The cloud computing stage gives populace the chance for sharing information resources and services along with the people through internet. In private cloud structure, data and information is shared amongst the individuals who are in that cloud only. In this paper we have projected new advanced security design and architecture for cloud computing platform. This makes certain secure communication system and hiding information from others. In this model message digest based file encryption system and secure public-key encryption system using RSA for exchanging data is included. This model also includes onetime password (OTP) system for user authentication process. This structure can be easily applied with all cloud computing layers, e.g. PaaS, SaaS and IaaS. Our work primarily deals with the cloud security system and authentication of use in whole cloud computing environment.

Keywords
Cloud computing; Security architecture; AES; MD5 Hashing; RSA; One-time Password (OTP)

INTRODUCTION
At the present world of networking system, Cloud computing [1] is one the most important and developing concept for both the developers and the users. Persons who are interrelated with the networking environment, cloud computing is a preferable platform for them. Therefore in recent days providing security has become a major challenging issue in cloud computing.

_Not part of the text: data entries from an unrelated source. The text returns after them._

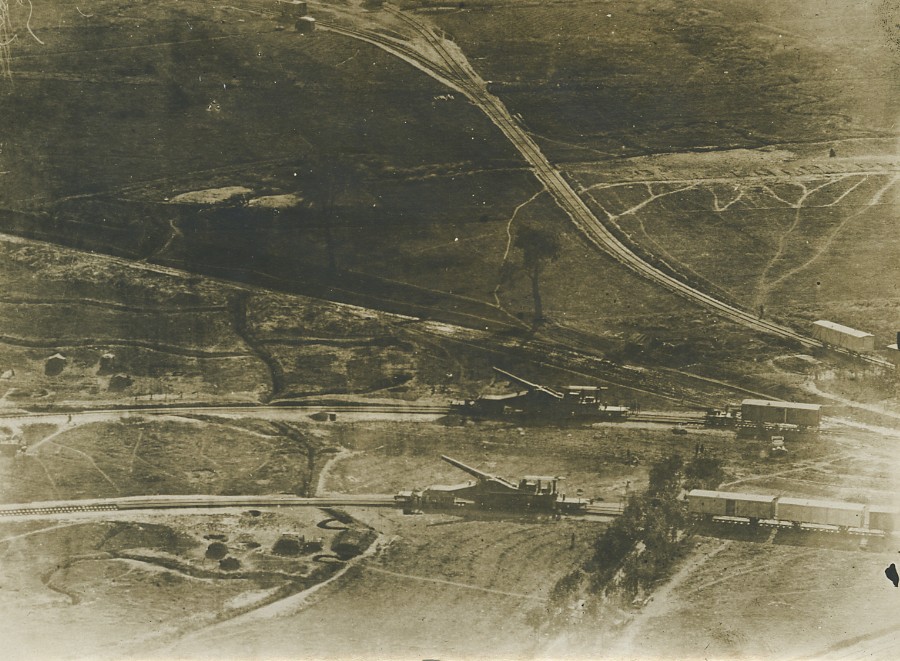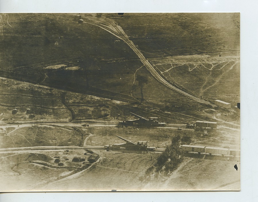 France WWI canons lourds sur rails ancienne photo aerienne vers 1916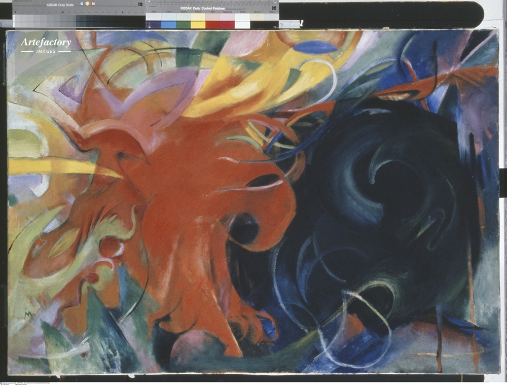 | キャプション | Photo by BStGS ,GemAlde / ol auf Leinwand (o.J.) von,,BildmaB 91 x 131,5 cm,Inventar-Nr.: 10972,Deutscher Maler, Mitglied der Kunstlergemeinschaft Der blaue Reiter,Systematik:Personen / Kunstler / Marc / Werke / GemAlde | 制限事項 | ||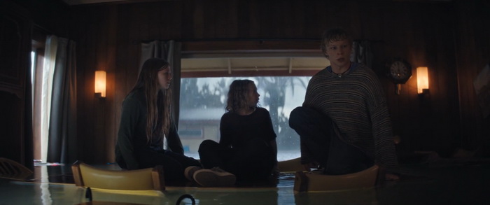 Thrash met rapidement en place son contexte en nous présentant un énorme ouragan de catégorie 5 qui s‘abat sur une ville côtière et la submerge. Le chaos s’ensuit forcément et un petit nombre d’habitants se retrouvent piégés chez eux et doivent survivre alors que les eaux montent. Et comme si ça ne suffisait pas, des requins bouledogues et même un grand requin blanc ont décidé de s’inviter à la fête. Ce scénario vous dit quelque chose ? C’est normal, c’est à quelque chose près celui du film Crawl (2019) d’Alexandre Aja, mais avec des requins-bouledogues à la place des crocodiles. C’est certain, question originalité, on repassera et Tommy Wirkola joue la carte de la sécurité en misant sur tous les clichés habituels de ce genre de production. La prévisibilité est donc de mise et à aucun moment on est surpris par le spectacle proposé, jusque dans ses tentatives de rebondissements. Mais pourtant, ça fonctionne plutôt bien parce que Wirkola semble maitriser son sujet. Trashs nous raconte deux histoires quasi distinctes. Il y a tout d’abord ces trois frères et sœurs adolescents, dont la relation tendue avec leurs parents d’accueil violents est interrompue lorsque trois requins se mettent à nager dans leur cuisine. Il y a ensuite cette jeune femme devenue agoraphobe depuis le décès de sa mère, qui va tenter d’aider comme elle peut une jeune femme enceinte coincée dans sa voiture devant chez elle. Malheureusement, ces deux histoires ne se croisent jamais et ce que le film gagne en rythme en passant d’un des arcs narratifs à l’autre, il le perd en intensité et en véritable investissement émotionnel du spectateur car il n’y a au final pas de personnage principal marquant qui ancrerait l’histoire ou qui donnerait au public quelqu’un pour lequel réellement vibrer. C’est dommage parce que les personnages, bien que surtout fonctionnels, sont plutôt sympathiques, prennent des décisions pas trop incohérentes, et auraient ne sont pas trop énervants (c’est souvent le cas avec les enfants dans ce genre de film).

In the cloud environment, resources are shared among all of the servers, users and individuals. As a result files or data stored in the cloud become open to all. Therefore, data or files of an individual can be handled by all other users of the cloud. [2, 3] Thus the data or files become more vulnerable to attack. As a result it is very easy for an intruder to access, misuse and destroy the original form of data. An intruder can also interrupt the communication. Besides, cloud service providers provide different types of applications which are of very critical nature. Hence, it is extremely essential for the cloud to be secure [4]. Another problem with the cloud system is that an individual may not have control over the place where the data needed to be stored. A cloud user has to use the resource allocation and scheduling, provided by the cloud service provider. Thus, it is also necessary to protect the data or files in the midst of unsecured processing. In order to solve this problem we need to apply security in cloud computing platforms. In our proposed security model we have tried to take into account the various security breaches as much as possible.
Besides, hardware encryption is helpful only for the database system, not for other security issues. Authenticated user detection technique is currently very important thing. But, this technique is rarely discussed in the recently used models for ensuring security in cloud computing. In this paper we have proposed new security architecture for cloud computing platform. In this model high ranked security algorithms are used for giving secured communication process. Here files are encrypted with AES algorithm in which keys are generated randomly by the system.

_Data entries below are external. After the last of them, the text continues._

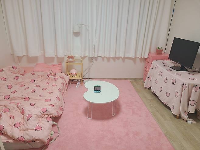 인테리어 분위기를 바꾸는데 가장 좋은 건 패브릭인 것 같아요. 원래 화이트 커튼을 사용하다가 최근에 커튼을 바꿨는데 하이틴 영화의 여자 주인공 방처럼 귀엽고 상큼한 느낌이에요.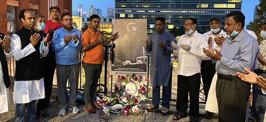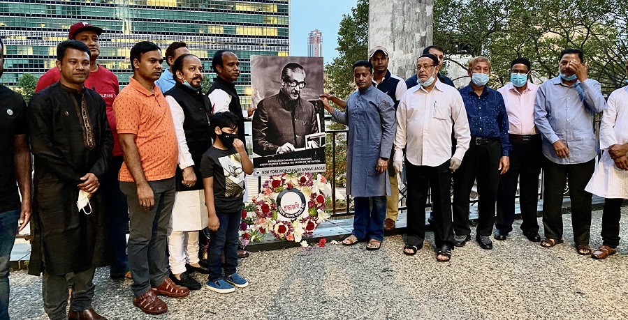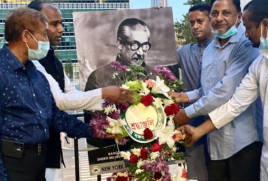 নিউইয়র্কে জাতিসংঘের সামনে বঙ্গবন্ধুর প্রতিকৃতিতে শ্রদ্ধাঞ্জলি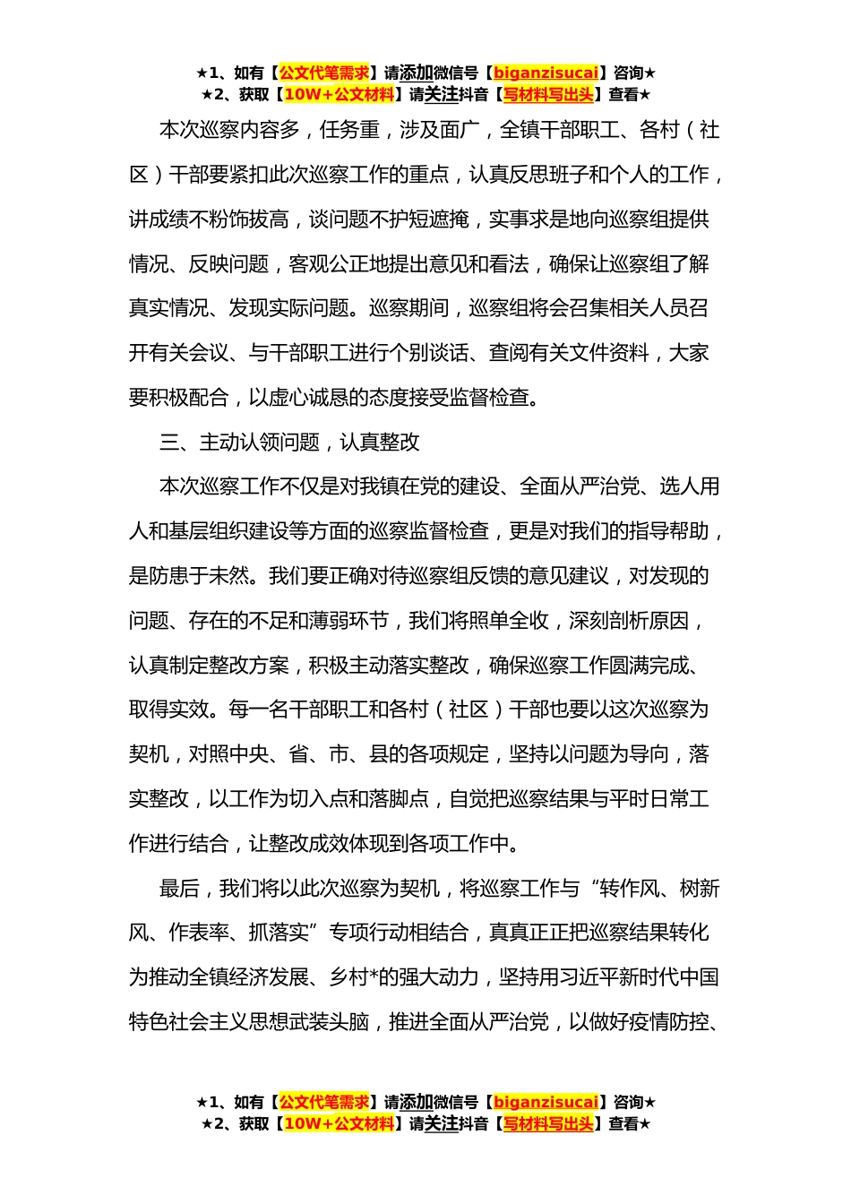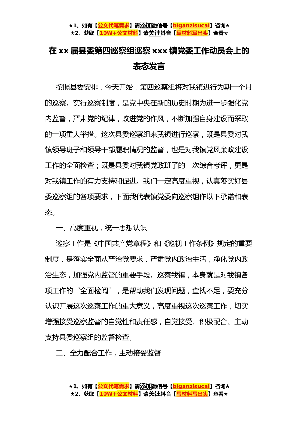 ★1、如有【公文代笔需求】请添加微信号【biganzisucai】咨询★★2、获取【10W+公文材料】请关注抖音【写材料写出头】查看★在xx届县委第四巡察组巡察xxx镇党委工作动员会上的表态发言按照县委安排,今天开始,第四巡察组将对我镇进行为期一个月的巡察。实行巡察制度,是党中央在新的历史时期为进一步强化党内监督,严肃党的纪律,改进党的作风,不断加强自身建设而采取的一项重大举措。这次县委巡察组来我镇进行巡察,既是县委对我镇领导班子和领导干部履职情况的监督,也是对我镇党风廉政建设工作的全面检查;既是县委对我镇党政班子的一次综合考评,更是对我镇工作的有力支持和促进。我们一定高度重视,认真落实好县委巡察组的各项要求,下面我代表镇党委向巡察组作以下承诺和表态。一、高度重视,统一思想认识...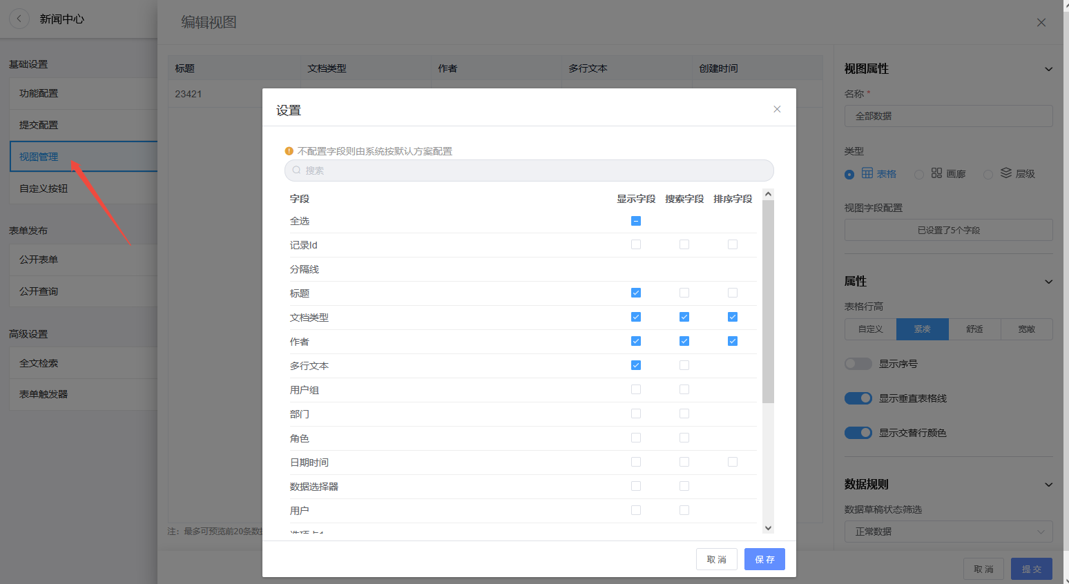 视图用来对数据进行管理的界面,进入视图管理界面,创建新的视图,如下: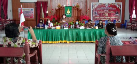 Eugenie Nona Mantiri MPd memulai tugas perdana hari Kamis 14 Oktober 2021 memimpin rapat Kelompok Kerja Kepala Satuan Pendidikan atau K3SP di SD GMIM 5 Dua Sudara.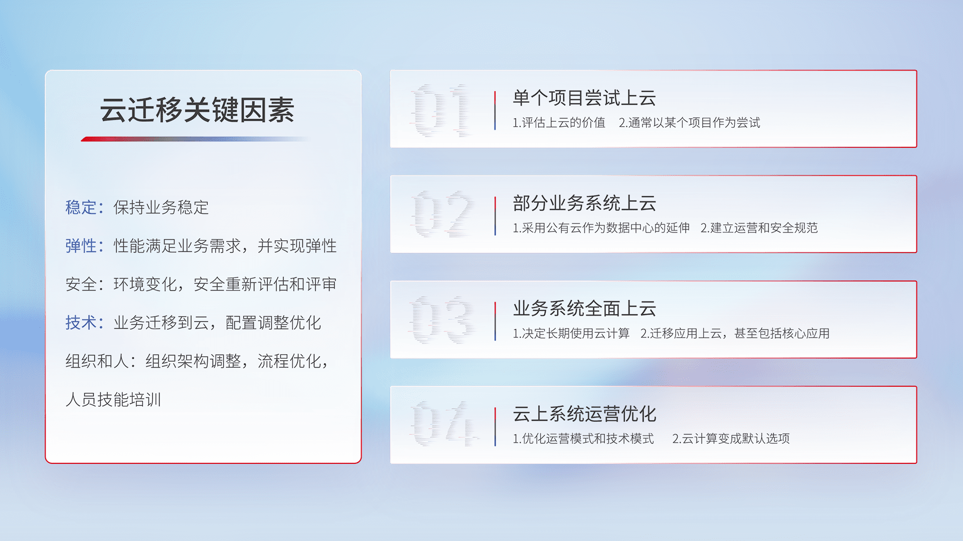 结合实际业务,,,,从规划设计、、、云平台选型、、、、云原生改造、、数据迁移、、、集成交付,,,,迁移全过程为客户识别最佳上云路径,,,,做好风险识别管理,,设计网络架构、、身份权限、、、安全审计合规、、操作审计、、、、日志审计、、、监控告警策略、、多站点容灾设计等,,,对云上基础设施进行整体规划,,,提升IT治理水平,,以满足弹性、、、高可用、、、高性能的需求。。。

The RSA algorithm is used for secured communication between the users and the servers. This paper is formatted in the following way: - section II describes related work of this paper work, section III describes proposed architecture and its working steps, section IV describes the experimental environment, results in different aspects and advantages of the propose model, and section V describes the future aspect

RELATED WORK
Numerous research on security in cloud computing has already been proposed and done in recent times. Identification based cloud computing security model have been worked out by different researchers [12]. But only identifying the actual user does not all the time prevent data hacking or data intruding in the database of cloud environment. Yao’s Garbled Circuit is used for secure data saving in cloud servers [13, 14].. AES based file encryption system is used in some of these models [15, 16]. But these models keep both the encryption key and encrypted file in one database server. Only one successful malicious attack in the server may open the whole information files to the hacker, which is not desirable.

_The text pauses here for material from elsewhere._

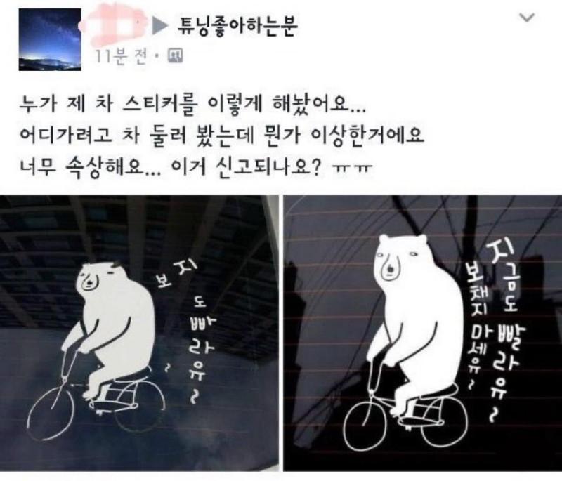 누가 내 차 스티커를 이렇게 해놨어요 ㅜㅜ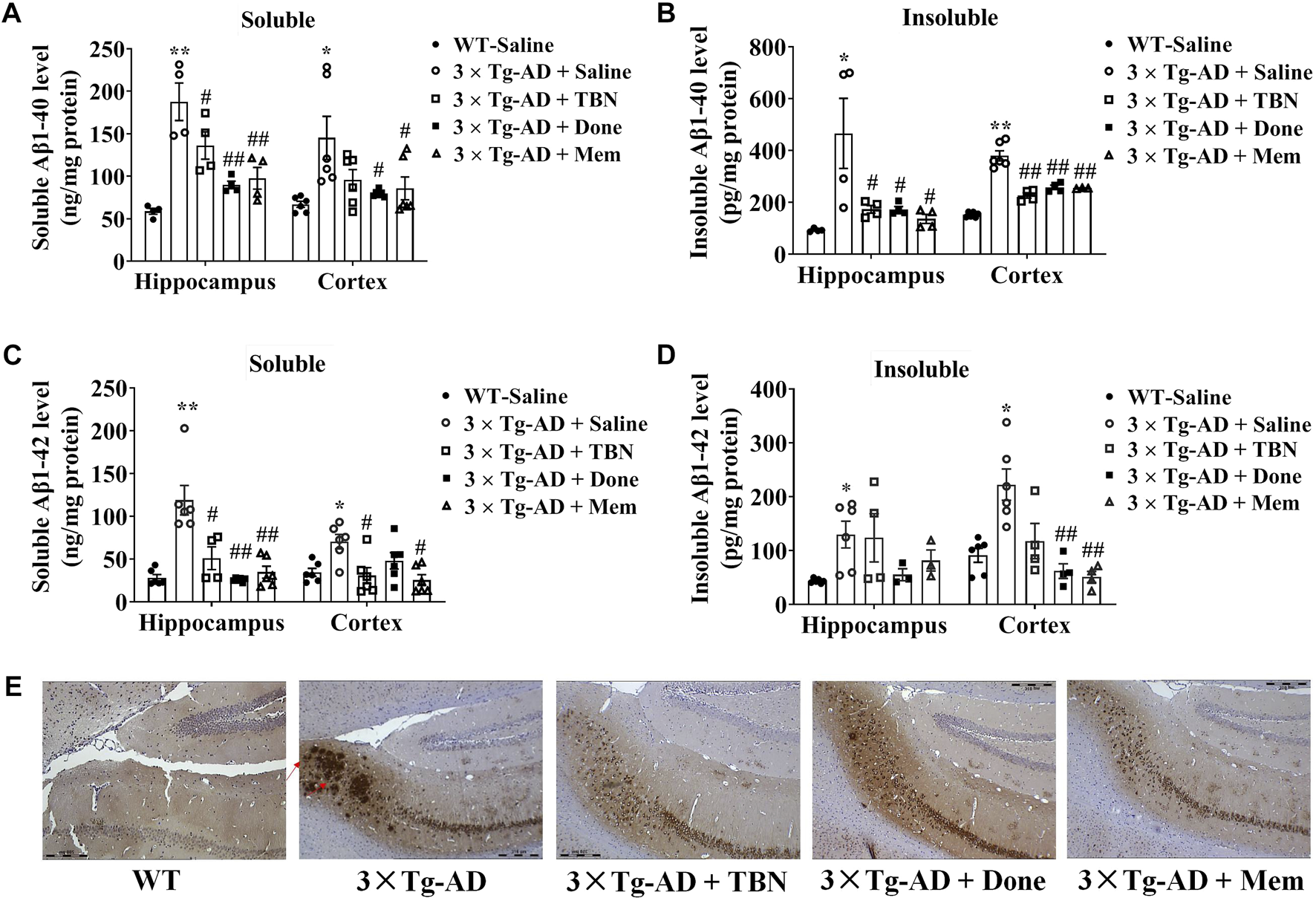 TBN treatment reduced the levels of Aβ in 3×Tg-AD mice. (A–D) Levels of soluble and insoluble Aβ40/Aβ42 in homogenates of hippocampal tissues and cerebral cortex of 3×Tg-AD mice or WT mice were determined by using ELISA. (E) Immunohistochemical staining by Aβ antibody (6E10) in the subiculum of hippocampal tissues. Data were presented as mean ± SEM, n ≥ 4, *p < 0.05 or **p < 0.01 vs. WT group, #p < 0.05 or ##p < 0.01 vs. AD group, two-way ANOVA.

Some other models and secured architectures are proposed for ensuring security in cloud computing environment [17, 18]. Although these models ensures secured communication between users and servers, but they do not encrypt the loaded information. For best security ensuring process, the uploaded information needs to be encrypted so that none can know about the information and its location. Recently some other secured models for cloud computing environment are also being researched [19, 20]. But, these models also fail to ensure all criteria of cloud computing security issues [21]

PROPOSED MODEL
At present ensuring security in cloud computing platform has become one of the most significant concerns for the researchers. We have undertaken these problems in our research, to provide some solution correlated with security. We have proposed the following security model for cloud computing data storage shown in Figure 1. In this model, all the users irrespective of new or existing member, needs to pass through a secured channel which is connected to the main system computer. System server computer has relation with other data storage system. system. RSA algorithm using the system's public key is used for the encryption. Whenever the user requests for a file the system sends it by encrypting it via RSA encryption algorithm
The password is used to keep the user account secure and secret from the unauthorized user. But the user defined password can be compromised. To overcome this difficulty one time password is used in the proposed security model. Thus whenever a user login in the system, he/she will be provided with a new password for using it in the next login. This is usually provided by the system itself. This password will be generated randomly. Each time a new password is created for a user, the previous password for that user will be erased from the system. New password will be updated for that particular user. A single password will be used for login only once. The password will be sent to the users authorized mail account. Therefore at a same time a check to determine the validity of the user is also performed. As a result only authorized user with a valid mail account will be able to connect to the cloud system. By this system, existence of unauthorized user or a user with an invalid mail account will be pointed out. The newly generated password is restored in the system after md5 hashing. The main purpose of MD5 hashing is that this method is a one way system and unbreakable. Therefore it will be difficult for an unauthorized or unknown party for retrieving the password for a selected user even if gained access to the system database. After connecting with the system a user can upload or download the file(s). For the first time when connected with the system the user can only upload file(s). After that users can both upload and download their files. When a file is uploaded by an user the system server encrypts the file using AES encryption algorithm.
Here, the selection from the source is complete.